If "Briar Rose" (1996) appeared in a collection of short stories, I would probably appreciate it more. There is something about a "book" which implies depth and weight. "Briar Rose," sadly, holds neither of these things, and it's the only Coover book that I previously owned but which I never bothered to finish. Much like "Spanking the Maid" (1982) it's what everybody assumes Coover always does, but seems -- when compared against the rest of his work -- lightweight and sort of frivolous.
It shares the same structure as "Spanking the Maid," a narrative which shifts focus between two protagonists (the Prince and Sleeping Beauty) as they repeat the same actions endlessly without ever achieving their goals. The Prince wants to rescue Sleeping Beauty, but he's trapped as much by the briar hedges as he is by his doubts: is he the one? Is she the one? Is he accomplishing his tasks properly?

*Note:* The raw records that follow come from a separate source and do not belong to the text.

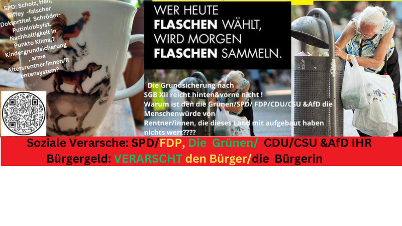 Kein Mensch in Deutschland müsste auf Flaschensammeln oder Tafeln angewiesen sein, wenn dieses Land und insbesondere Politiker/innen sozial denken würden!
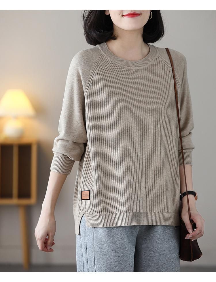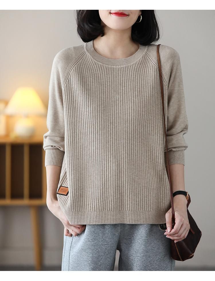 秋冬純棉女士打底針織衫【買一送一】【灰色】+【駝色】各一件(每件低至649元)
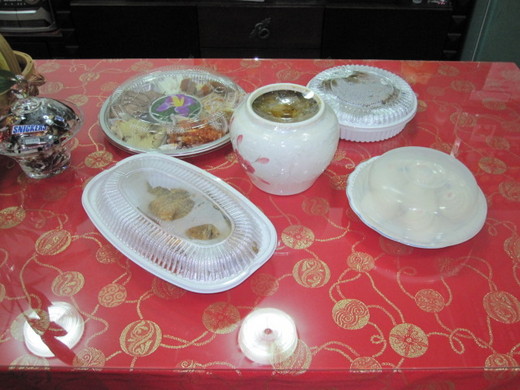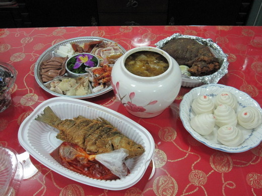雖然是一個人的年夜飯,我也不會虧待自己的!一星期前在小餐廳訂了四樣年菜(因為只有一個人也吃不了太多!)有糖醋鮮魚,脆皮蹄膀,烏魚子拼盤和鮑魚佛跳牆還有附贈的銀絲卷!

Sleeping Beauty, likewise, is enduring a hundred-year sleep in the company of a good/evil fairy. The fairy tells her stories about all the possible Princes and the possible resolutions to the fairy tale, invariably terrible. Usually these hypothetical princes are already married, and their wives kill Sleeping Beauty and eat her. Sometimes the princes wake her up only after having fathered several children by her while she was sleeping. Some princes only want her property, or they turn into monsters when they kiss her.

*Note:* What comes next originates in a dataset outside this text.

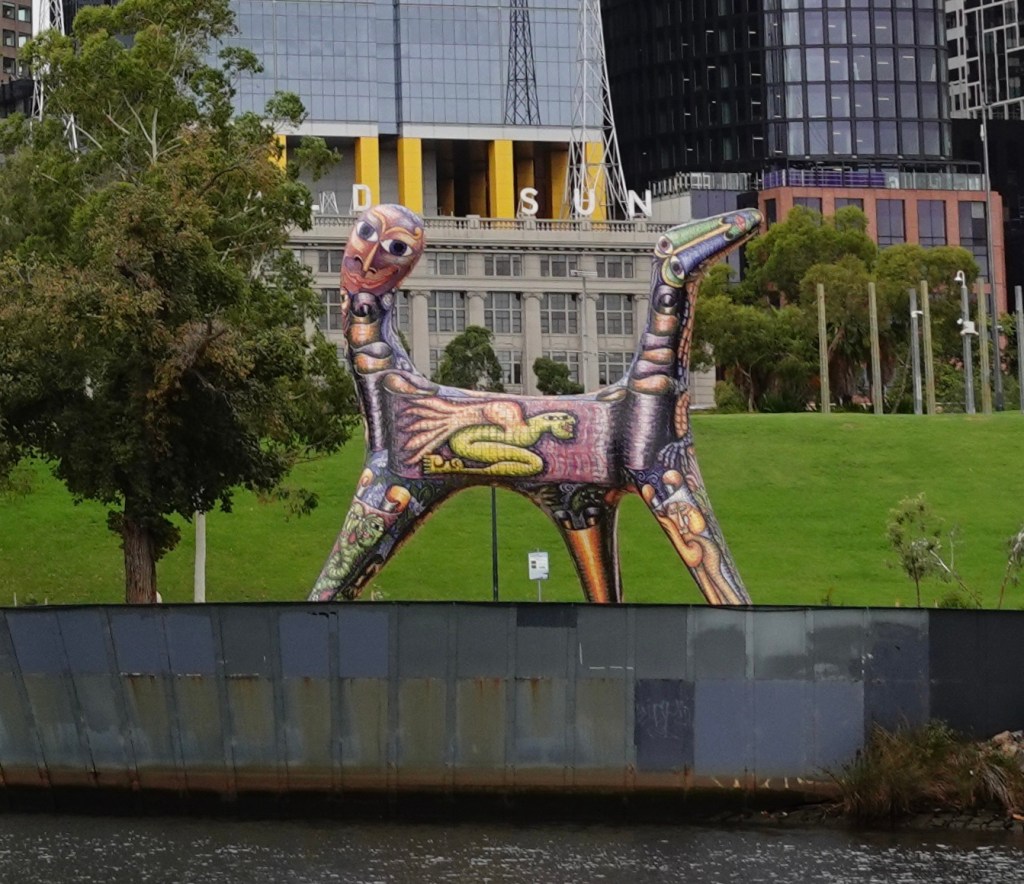 On the opposite bank of the river, “Angel” by Australian artist Deborah Halpern.

Every second (large-print, small-margin) page is basically a resumption of the tale with a new twist. This is Coover's "phantasmagoria" approach, which reads like a fever dream but -- sadly -- has little else to recommend it, especially when you've already read his similar short stories in "Pricksongs and Descants" (1969) and "A Night at the Movies" (1987).
If you have a burning love for fairy tale deconstruction, this could be a good book (in the same way that "Spanking the Maid" has been cited as the ultimate text for S&M devotees), but otherwise it's Coover at his laziest. It lacks the invention and passion that he injects into better examples of this style (eg. "The Magic Poker" and "The Babysitter"), and also lacks the satire and political consciousness of Angela Carter's fairy tale treatments.
"Pinocchio in Venice" was dedicated to Carter just a few years before, so maybe this was an homage of some kind, though Coover had tackled fairy tales before ("The Door," "The Gingerbread House") and would come back to them again in "Stepmother."
Typical Coover themes in "Briar Rose": Repetitious scenario with disconnected geography & time, characters can never succeed because the rules of the scenario are unspoken or more complicated than first considered, scatology, idealized situations become disgusting/horrific when subject to real life.